Let F=age of father and S=age of son. F=3S. In 8 years' time they will be F+8 and S+8 years old and F+8=5/2(S+8), because 2 1/2=5/2, so, multiplying through by 2, 2F+16=5S+40; 2F-5S=24; substituting for F, 6S-5S=24; S=24 and F=3S=72. In 16 years' time, son will be 40 and father will be 88, so 88/40=11/5=2 1/11.

### Find the age of each?

Let the ages be represented by the first letter of their names. C=R/2; J=C+11; (R+4)/2=(J+4)/2+C-9. From these we have R=2C. Substitute for R and C in the third equation: (2C+4)/2=(C+15)/2+C-9. This equation contains only one variable so should be solvable. Multiply through by 2: 2C+4=C+15+2C-18, C=7. So we can calculate R=2*C=14; and J=C+11=18.  Check: Carlos is half as old as Ramon, C is half of 14; Ramon and Jun will be 18 and 22 in 4 years' time. Half of Jun's age then (11) plus Carlos' age now (7) is 18. Half of Ramon's age in 4 years will be 9 which is 9 less than this sum. So the facts check out and Carlos is 7, Ramon is 14 and Jun is 18.

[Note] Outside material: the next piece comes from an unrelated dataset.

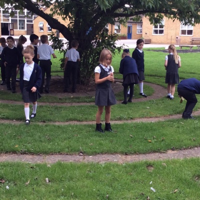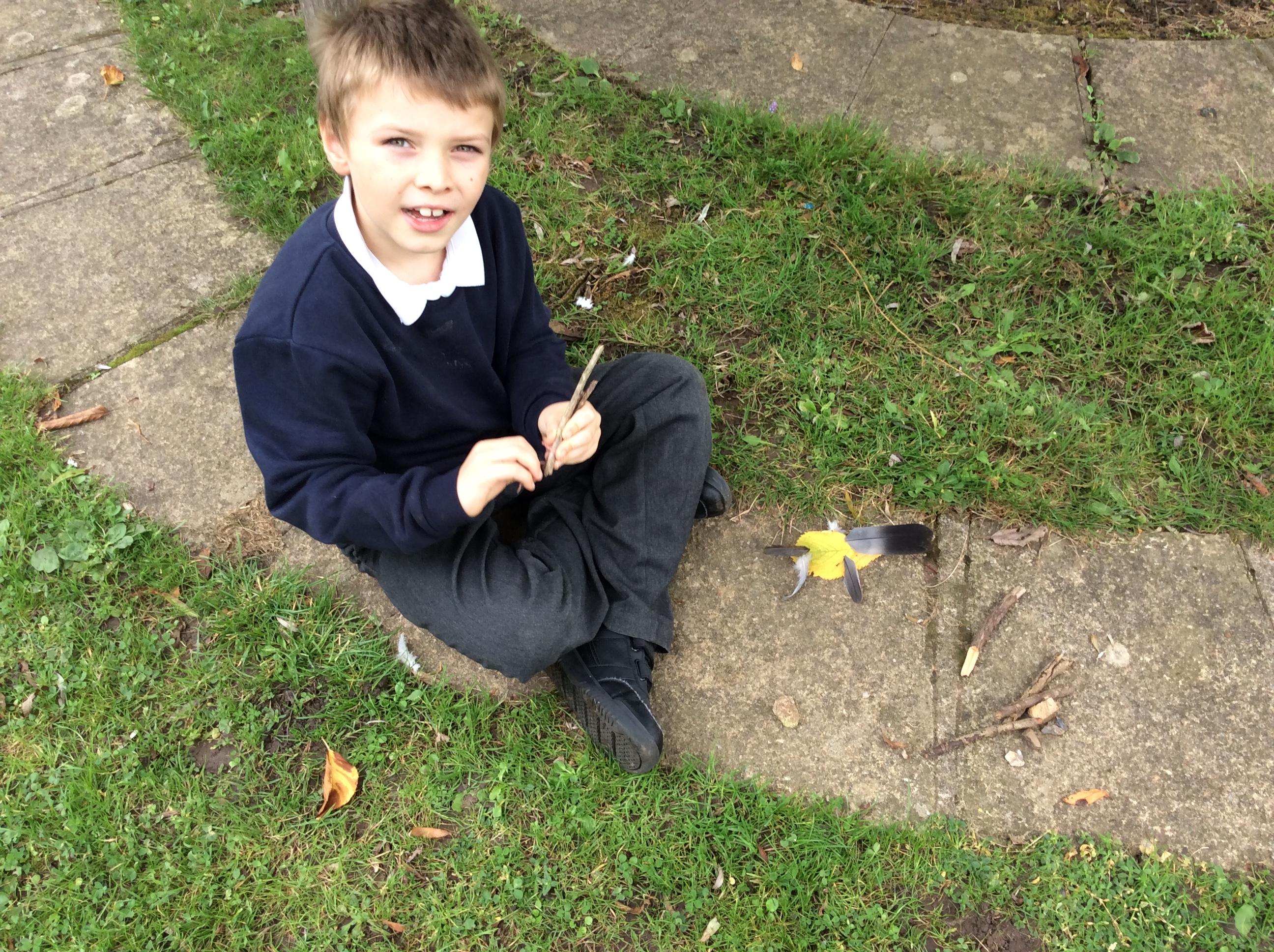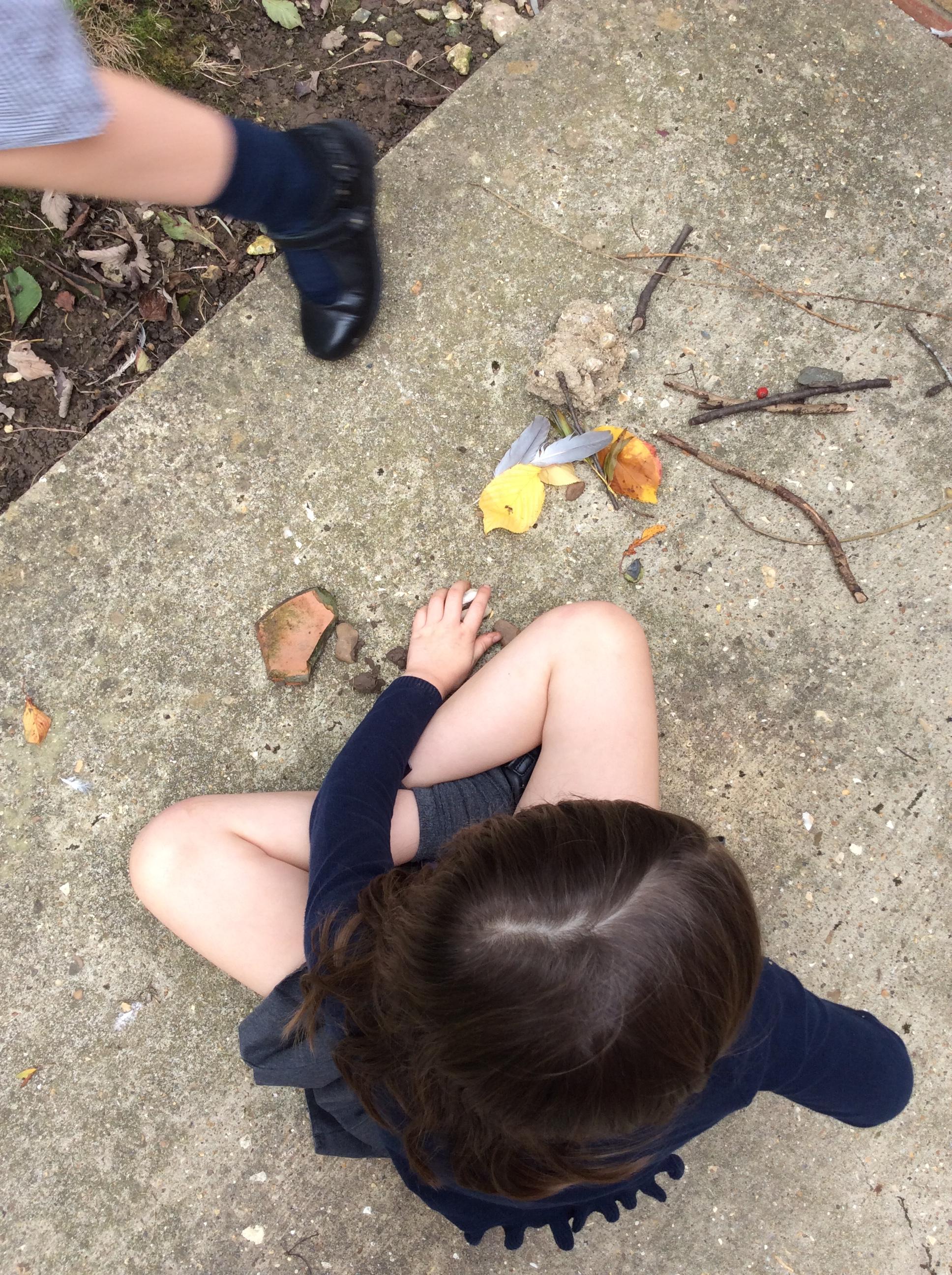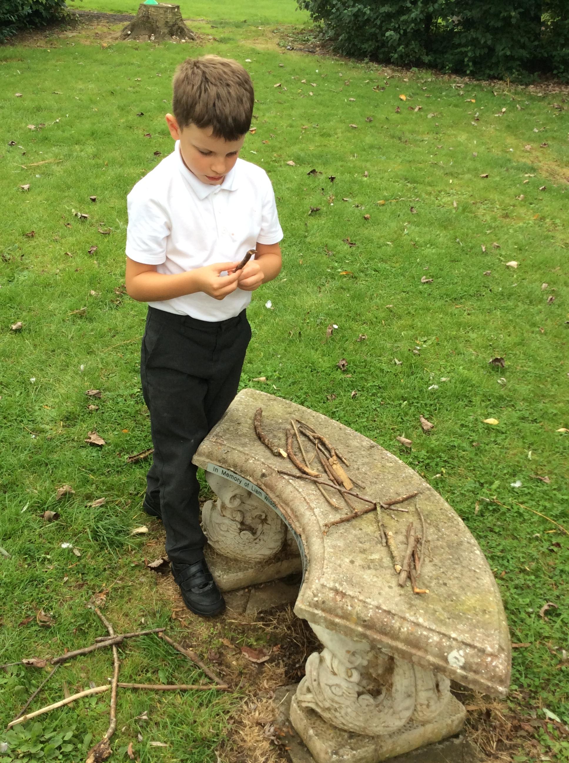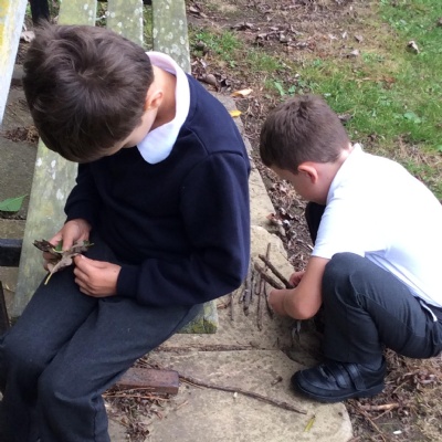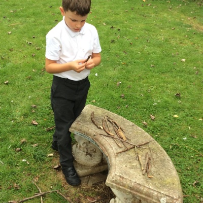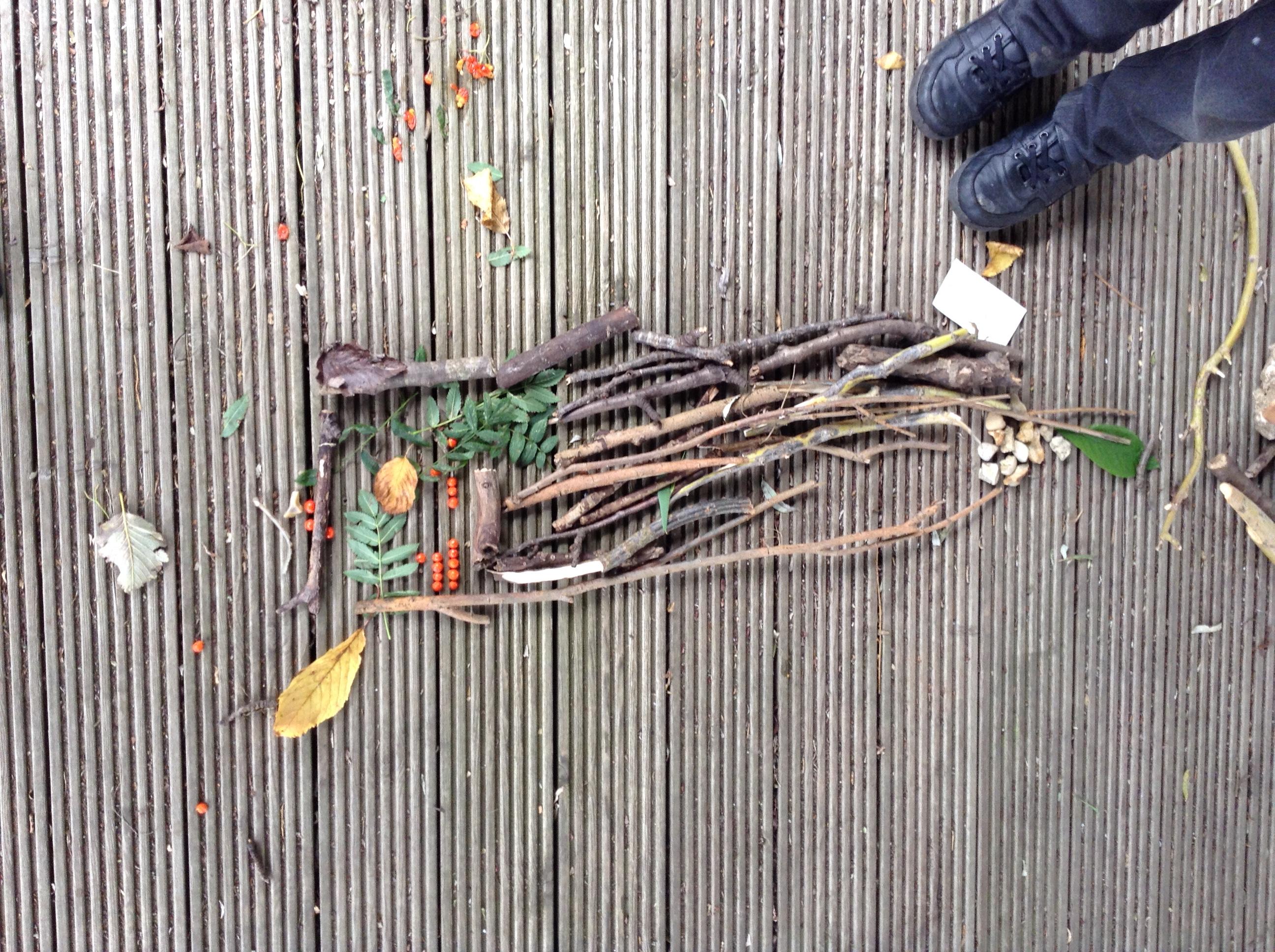 Going outside, we explored found objects and used them in our own sculptures, similar to the work of Tony Cragg. We thought about how found objects can be used to make abstract pieces of art.

### Earl is 6 years older than Simin. In 2 years the sum of their ages will be 20. How old is Simim?

6+x+2+x+2=20 10+2x=20 2x=20-10 2x=10 x=5 (in 2 years time  Earl is 13;Simin70 before 2 years time(EARL 11 years ;SIMIN 5 years)

### Monica is 7 years older than cheena.Aroma is 2 times younger than monica.if the sum of their ages is 58,what is the age of each child?

Let the ages be M, C, A for Monica, Cheena, Aroma. M=C+7, A=M/2. M+C+A=58. C+7+C+(C+7)/2=58, 4C+14+C+7=116 5C+21=116, 5C=116-21=95, C=95/5=19. Cheena is 19. M=19+7=26, Monica is 26 and Aroma is 26/2=13.